_Task goal_
Without any pictures, print the lines below from the one that has "3-in-1 Wireless Charging" through the one that has "王冠雪茄享譽國內(nèi),旗下的雪茄型", exactly and nothing else.

_Task inputs_
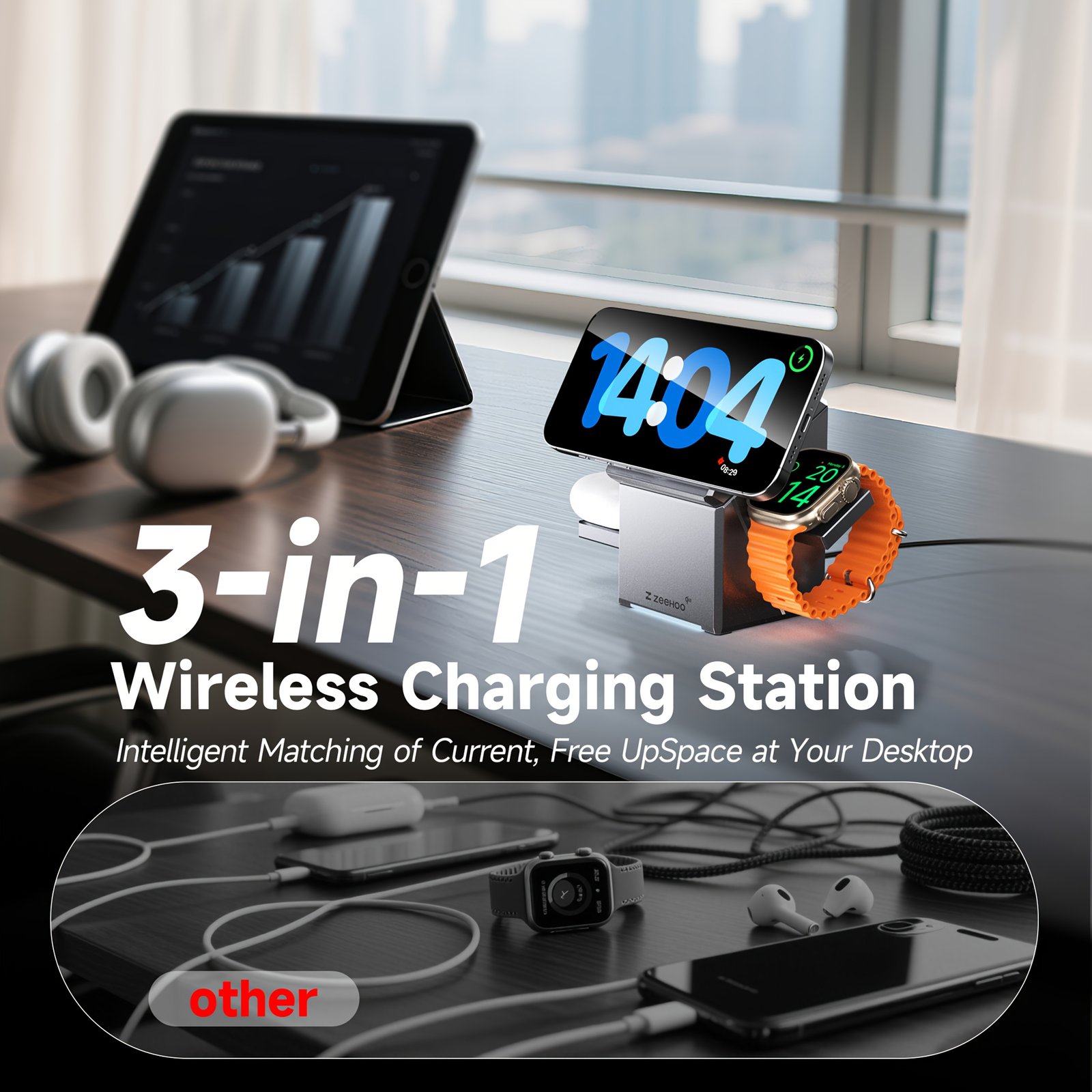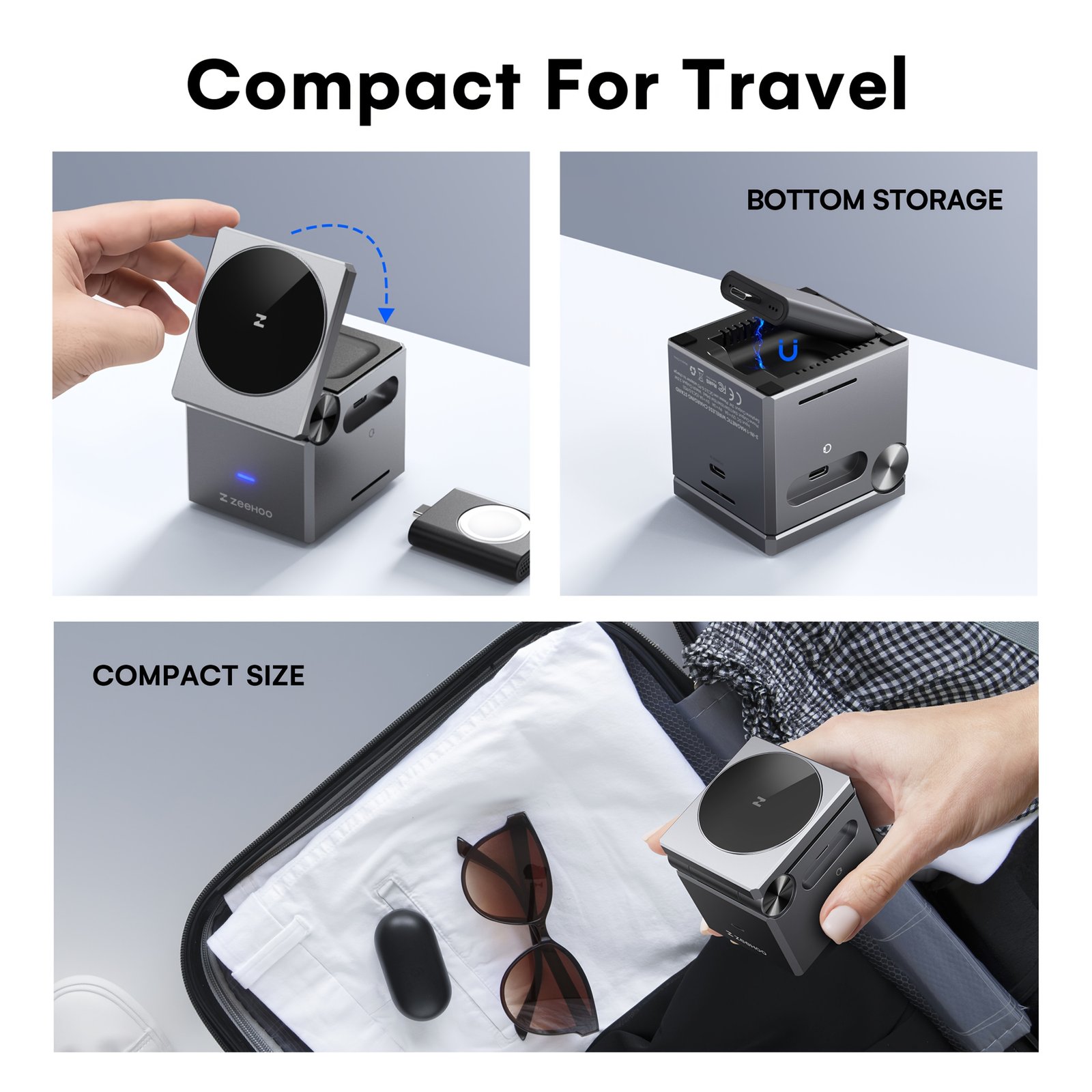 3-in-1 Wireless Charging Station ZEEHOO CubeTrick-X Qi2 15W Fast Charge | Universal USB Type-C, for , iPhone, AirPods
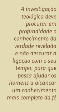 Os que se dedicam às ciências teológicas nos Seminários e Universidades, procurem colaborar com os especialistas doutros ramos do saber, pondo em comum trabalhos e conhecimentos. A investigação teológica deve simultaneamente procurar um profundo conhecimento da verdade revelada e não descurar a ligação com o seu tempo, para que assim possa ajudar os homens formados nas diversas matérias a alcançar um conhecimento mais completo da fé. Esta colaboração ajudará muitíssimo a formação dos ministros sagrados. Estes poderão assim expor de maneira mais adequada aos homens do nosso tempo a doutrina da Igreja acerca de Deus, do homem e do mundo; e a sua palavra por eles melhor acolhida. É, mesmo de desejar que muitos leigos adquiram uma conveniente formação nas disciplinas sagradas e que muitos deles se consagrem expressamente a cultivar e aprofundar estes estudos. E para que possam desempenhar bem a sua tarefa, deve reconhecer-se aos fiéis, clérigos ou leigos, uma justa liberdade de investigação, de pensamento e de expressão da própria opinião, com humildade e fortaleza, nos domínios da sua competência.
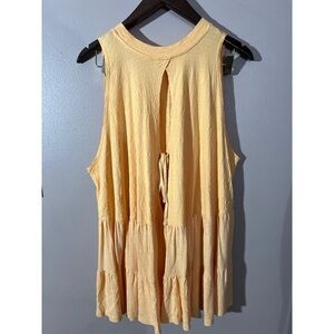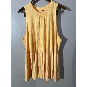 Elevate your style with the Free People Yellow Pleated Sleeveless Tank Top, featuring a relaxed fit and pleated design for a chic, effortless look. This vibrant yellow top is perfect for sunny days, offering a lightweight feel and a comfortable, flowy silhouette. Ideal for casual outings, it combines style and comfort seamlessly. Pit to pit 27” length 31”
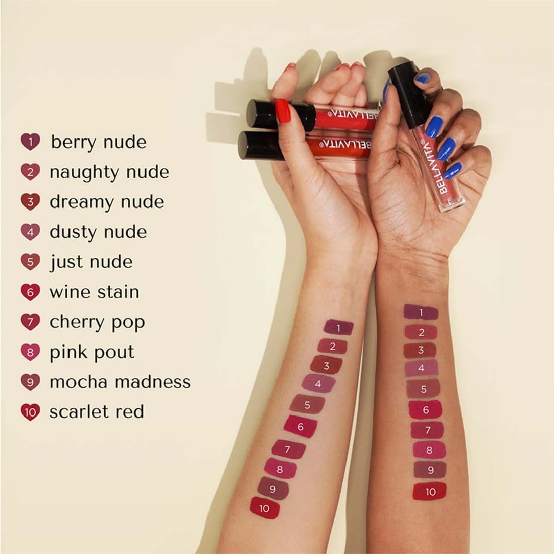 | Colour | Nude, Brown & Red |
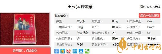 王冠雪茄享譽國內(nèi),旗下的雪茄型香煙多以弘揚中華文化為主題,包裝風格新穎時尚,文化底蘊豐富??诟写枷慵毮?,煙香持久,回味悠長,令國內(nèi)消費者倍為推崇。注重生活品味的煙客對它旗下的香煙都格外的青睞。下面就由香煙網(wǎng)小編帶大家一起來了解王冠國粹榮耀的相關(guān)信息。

==

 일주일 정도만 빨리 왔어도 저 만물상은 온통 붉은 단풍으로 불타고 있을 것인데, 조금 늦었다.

_Written reply_
 3-in-1 Wireless Charging Station ZEEHOO CubeTrick-X Qi2 15W Fast Charge | Universal USB Type-C, for , iPhone, AirPods
 Os que se dedicam às ciências teológicas nos Seminários e Universidades, procurem colaborar com os especialistas doutros ramos do saber, pondo em comum trabalhos e conhecimentos. A investigação teológica deve simultaneamente procurar um profundo conhecimento da verdade revelada e não descurar a ligação com o seu tempo, para que assim possa ajudar os homens formados nas diversas matérias a alcançar um conhecimento mais completo da fé. Esta colaboração ajudará muitíssimo a formação dos ministros sagrados. Estes poderão assim expor de maneira mais adequada aos homens do nosso tempo a doutrina da Igreja acerca de Deus, do homem e do mundo; e a sua palavra por eles melhor acolhida. É, mesmo de desejar que muitos leigos adquiram uma conveniente formação nas disciplinas sagradas e que muitos deles se consagrem expressamente a cultivar e aprofundar estes estudos. E para que possam desempenhar bem a sua tarefa, deve reconhecer-se aos fiéis, clérigos ou leigos, uma justa liberdade de investigação, de pensamento e de expressão da própria opinião, com humildade e fortaleza, nos domínios da sua competência.
 Elevate your style with the Free People Yellow Pleated Sleeveless Tank Top, featuring a relaxed fit and pleated design for a chic, effortless look. This vibrant yellow top is perfect for sunny days, offering a lightweight feel and a comfortable, flowy silhouette. Ideal for casual outings, it combines style and comfort seamlessly. Pit to pit 27” length 31”
 | Colour | Nude, Brown & Red |
 王冠雪茄享譽國內(nèi),旗下的雪茄型香煙多以弘揚中華文化為主題,包裝風格新穎時尚,文化底蘊豐富??诟写枷慵毮?,煙香持久,回味悠長,令國內(nèi)消費者倍為推崇。注重生活品味的煙客對它旗下的香煙都格外的青睞。下面就由香煙網(wǎng)小編帶大家一起來了解王冠國粹榮耀的相關(guān)信息。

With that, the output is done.